Copy exactly the lines of the records below, starting at the line that contains "Floral Art Print Long Sleeve Slit Shirt Dress" and continuing through the last line, both included; omit any pictures.

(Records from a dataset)

-- Opening Marker --

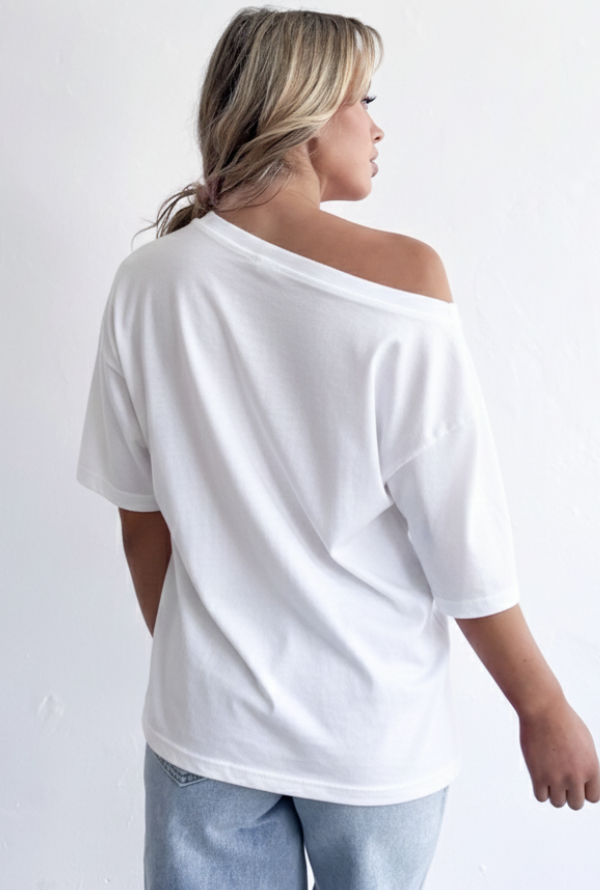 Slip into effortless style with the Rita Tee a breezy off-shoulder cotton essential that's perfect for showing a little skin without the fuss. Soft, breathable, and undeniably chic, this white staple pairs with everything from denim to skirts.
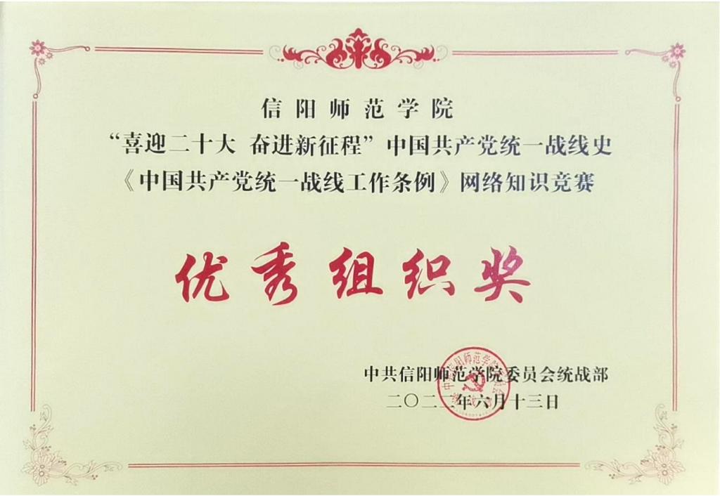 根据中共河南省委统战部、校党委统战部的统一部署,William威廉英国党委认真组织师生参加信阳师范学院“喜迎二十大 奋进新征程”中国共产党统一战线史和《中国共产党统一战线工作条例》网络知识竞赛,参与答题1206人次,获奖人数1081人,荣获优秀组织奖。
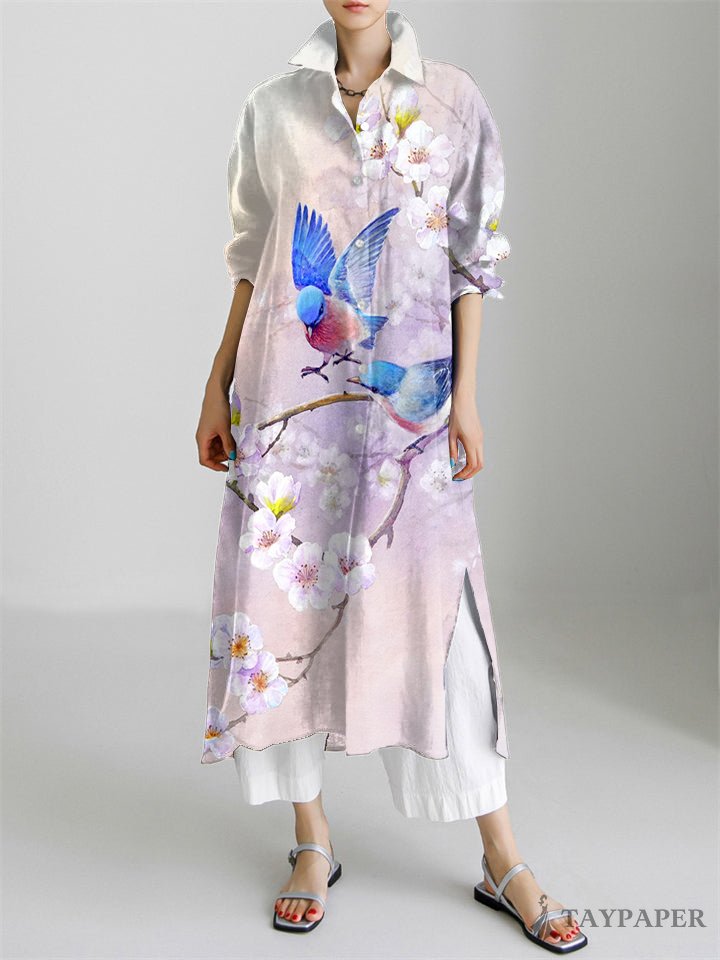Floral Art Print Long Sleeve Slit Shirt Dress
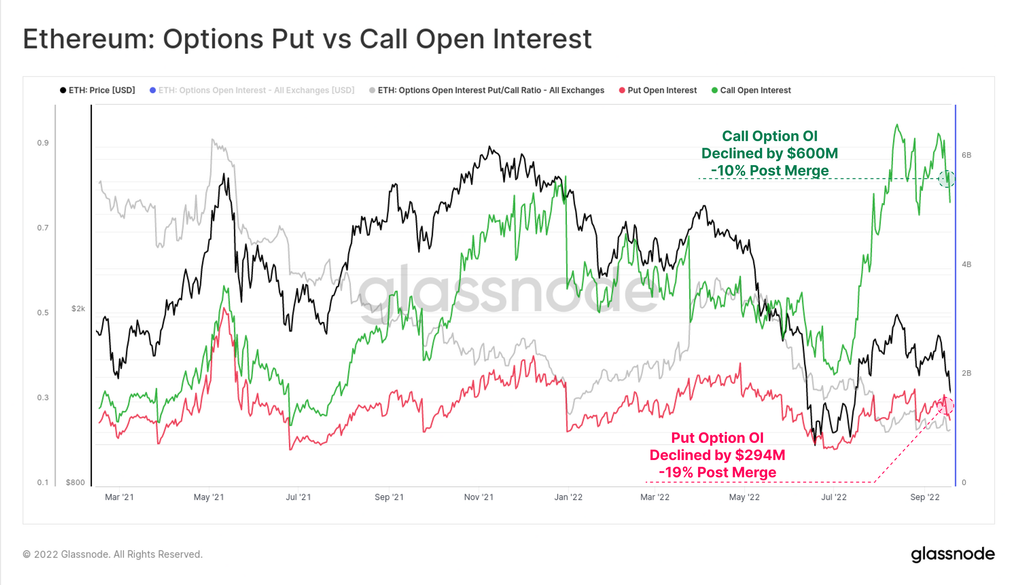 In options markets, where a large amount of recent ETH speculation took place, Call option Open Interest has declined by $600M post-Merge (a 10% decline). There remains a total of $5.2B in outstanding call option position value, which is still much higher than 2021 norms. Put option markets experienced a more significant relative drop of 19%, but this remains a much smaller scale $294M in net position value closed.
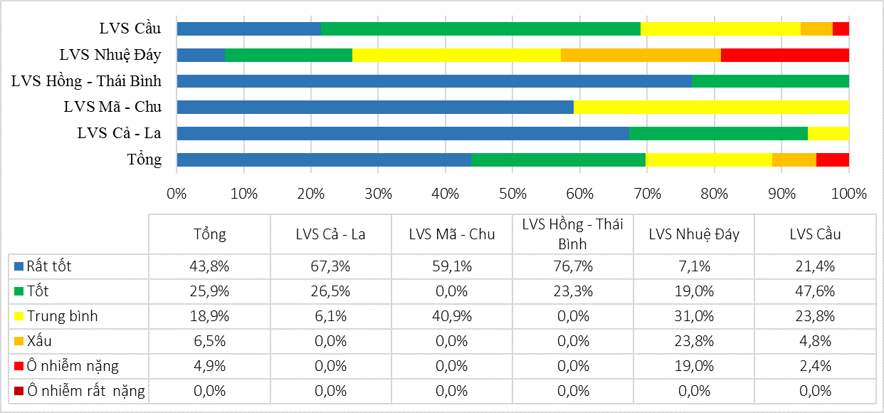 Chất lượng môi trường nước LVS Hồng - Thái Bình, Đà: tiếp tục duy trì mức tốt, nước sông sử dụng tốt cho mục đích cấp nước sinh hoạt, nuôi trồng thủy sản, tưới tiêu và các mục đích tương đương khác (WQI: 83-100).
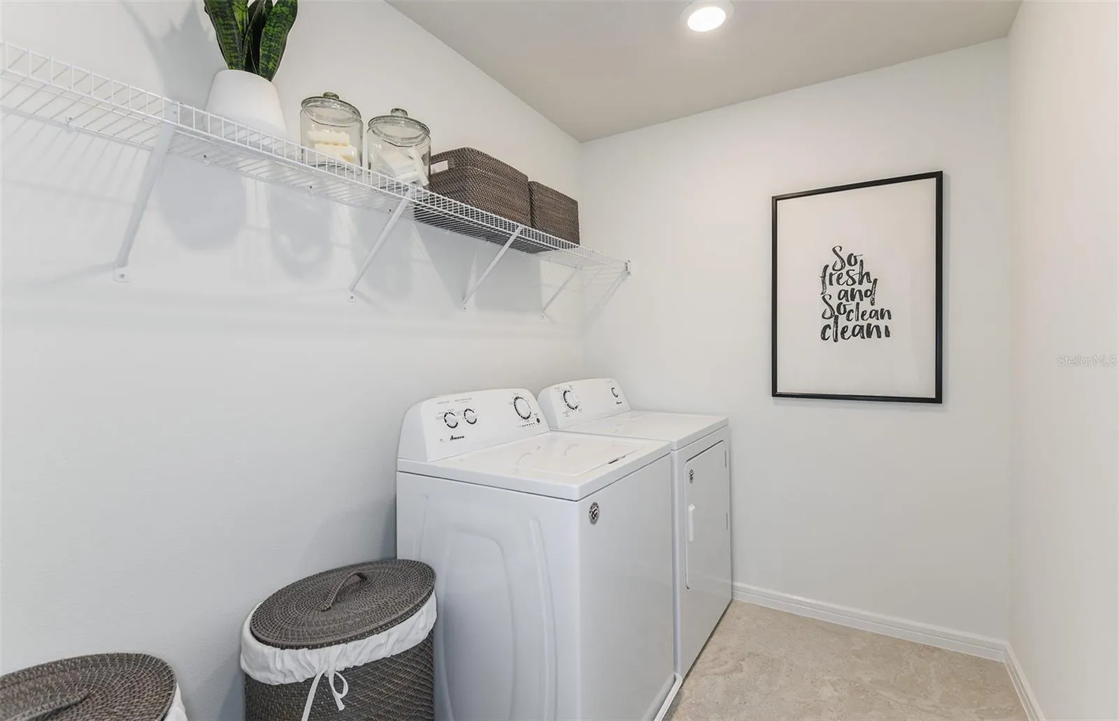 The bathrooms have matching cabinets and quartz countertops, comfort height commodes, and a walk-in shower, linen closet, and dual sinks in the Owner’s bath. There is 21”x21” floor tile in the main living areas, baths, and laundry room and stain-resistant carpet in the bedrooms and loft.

-- Closing Marker --

Response area:
Floral Art Print Long Sleeve Slit Shirt Dress
 In options markets, where a large amount of recent ETH speculation took place, Call option Open Interest has declined by $600M post-Merge (a 10% decline). There remains a total of $5.2B in outstanding call option position value, which is still much higher than 2021 norms. Put option markets experienced a more significant relative drop of 19%, but this remains a much smaller scale $294M in net position value closed.
 Chất lượng môi trường nước LVS Hồng - Thái Bình, Đà: tiếp tục duy trì mức tốt, nước sông sử dụng tốt cho mục đích cấp nước sinh hoạt, nuôi trồng thủy sản, tưới tiêu và các mục đích tương đương khác (WQI: 83-100).
 The bathrooms have matching cabinets and quartz countertops, comfort height commodes, and a walk-in shower, linen closet, and dual sinks in the Owner’s bath. There is 21”x21” floor tile in the main living areas, baths, and laundry room and stain-resistant carpet in the bedrooms and loft.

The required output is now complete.